• Data entries:
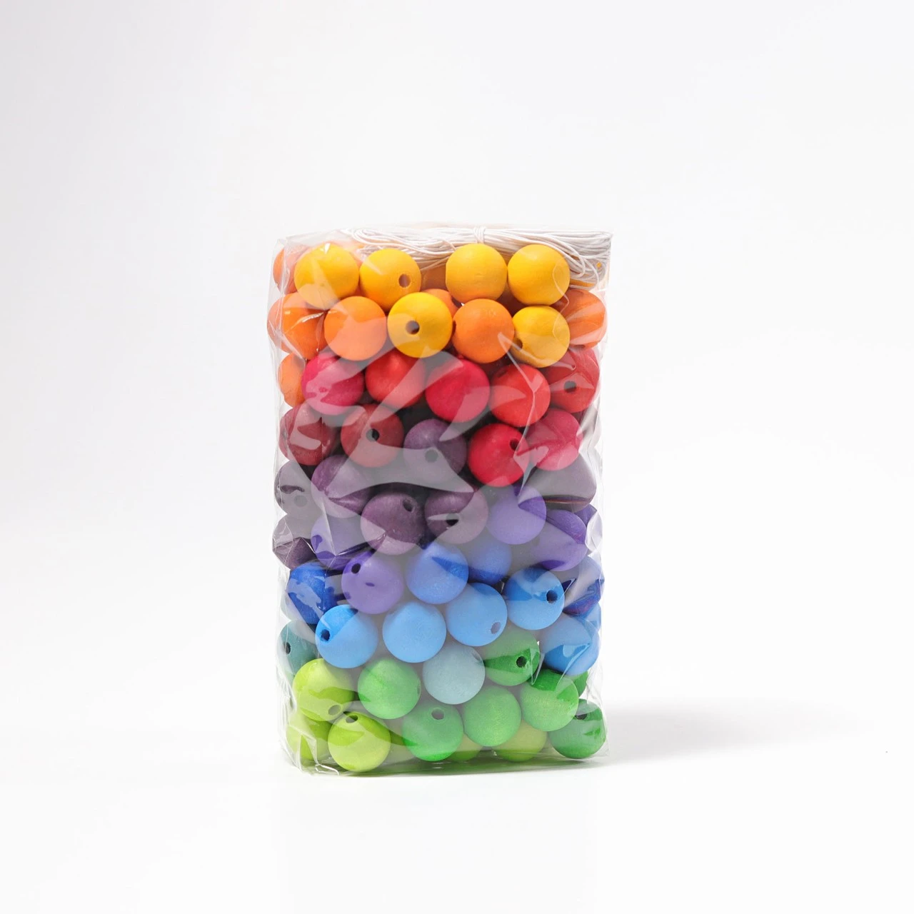 Holzperlen sind eines der elementarsten Spielmaterialien für Kinder. Beim Fädeln wird die Auge-Hand Koordination gefördert und die Feinmotorik geschult. Diese bunten Holzperlen sind in 12 Regenbogenfarben von hellgelb über Rot- und Blautöne bis hellgrün sortiert.
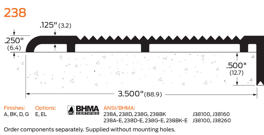 Zero 238BK 96" Ramp , 3.5"W x .500"H, 96" Length, Black Anodized Aluminum
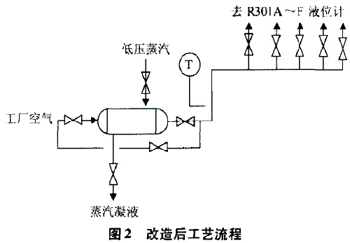 此次試驗的成功為徹底解決乙烯球罐磁翻板結冰提供了寶貴的經驗,因此將試驗期間所用的臨時管線和設備經過進一步完善,于2016年4月底完成全部乙烯球罐(R301A-F)耐酸堿磁翻板液位計的改造,液位計上的空氣吹掃管為自制設備,進氣端裝一閥門用于調節空氣量,另一端封閉,在靠進液位計翻板側每間斷開5cm一個中的孔用于空氣吹掃為保證吹掃空氣的溫度在加熱器出入口增加一旁線,流程見圖2。
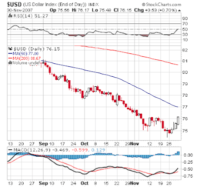 The reason I bring all of this up, is that a second factor speculators look for has come into play in the USD: new bearish news has been unable to push the price to new lows. This week the markets decided that its significantly more likely that the Federal Reserve is going to cut interest rates when it meets in December. This news, especially in light of all of the dollar collapse and currency diversification talk, should have sent the USD reeling, or hitting new lows at the very least, but take a look at the chart, not only did the dollar not make new lows, it challenged the highs of the previous week:
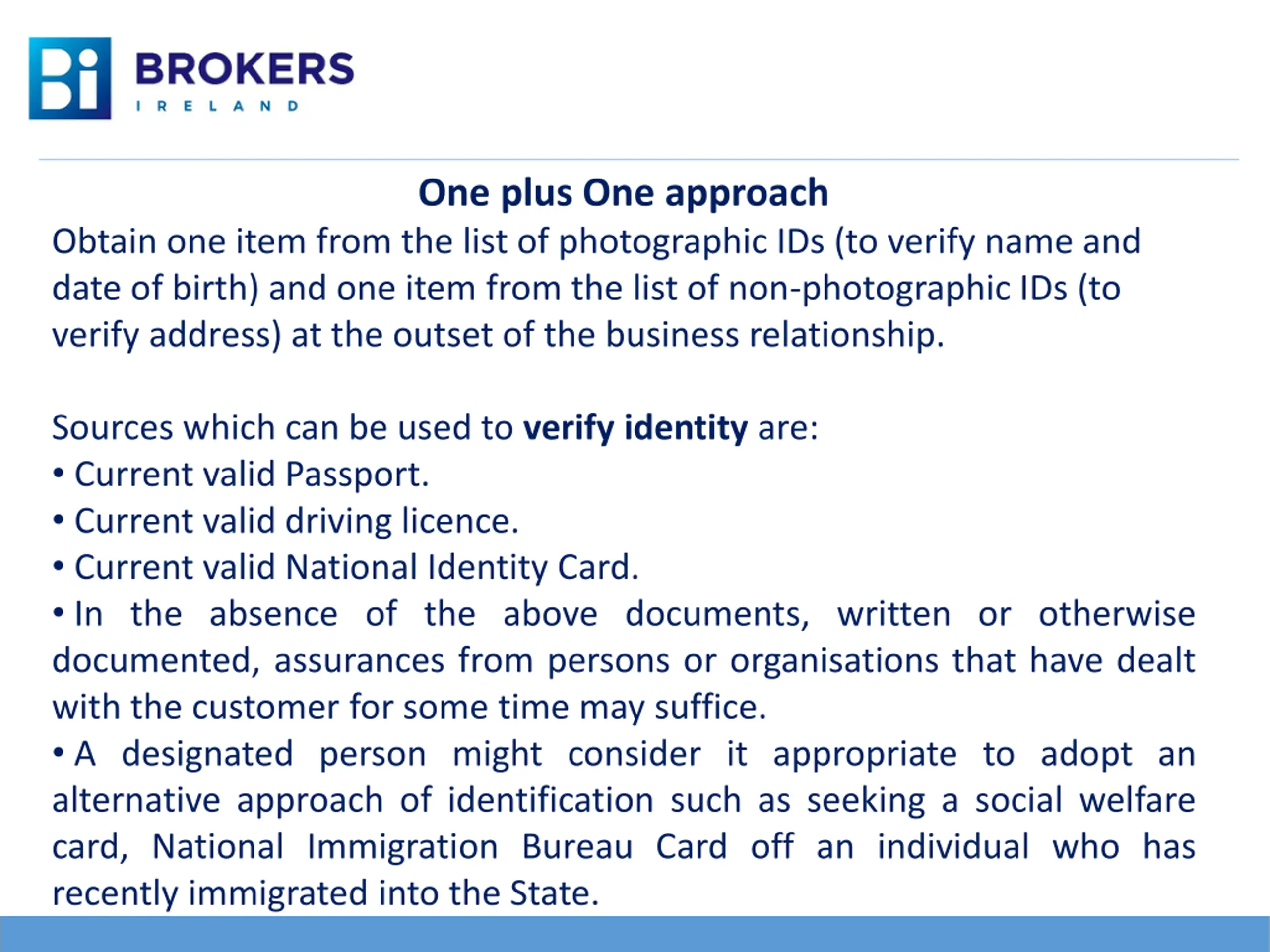 One plus One approach Obtain one item from the list of photographic IDs (to verify name and date of birth) and one item from the list of non-photographic IDs (to verify address) at the outset of the business relationship. Sources which can be used to verify identity are: Current valid Passport. Current valid driving licence. Current valid National Identity Card. In the absence of the above documents, written or otherwise documented, assurances from persons or organisations that have dealt with the customer for some time may suffice. A designated person might consider it appropriate to adopt an alternative approach of identification such as seeking a social welfare card, National Immigration Bureau Card off an individual who has recently immigrated into the State.

• What you have to do:
Set down word for word every line from the line containing "The reason I" through the last line of the entries, and nothing more; no pictures.

• Response area:
 The reason I bring all of this up, is that a second factor speculators look for has come into play in the USD: new bearish news has been unable to push the price to new lows. This week the markets decided that its significantly more likely that the Federal Reserve is going to cut interest rates when it meets in December. This news, especially in light of all of the dollar collapse and currency diversification talk, should have sent the USD reeling, or hitting new lows at the very least, but take a look at the chart, not only did the dollar not make new lows, it challenged the highs of the previous week:
 One plus One approach Obtain one item from the list of photographic IDs (to verify name and date of birth) and one item from the list of non-photographic IDs (to verify address) at the outset of the business relationship. Sources which can be used to verify identity are: Current valid Passport. Current valid driving licence. Current valid National Identity Card. In the absence of the above documents, written or otherwise documented, assurances from persons or organisations that have dealt with the customer for some time may suffice. A designated person might consider it appropriate to adopt an alternative approach of identification such as seeking a social welfare card, National Immigration Bureau Card off an individual who has recently immigrated into the State.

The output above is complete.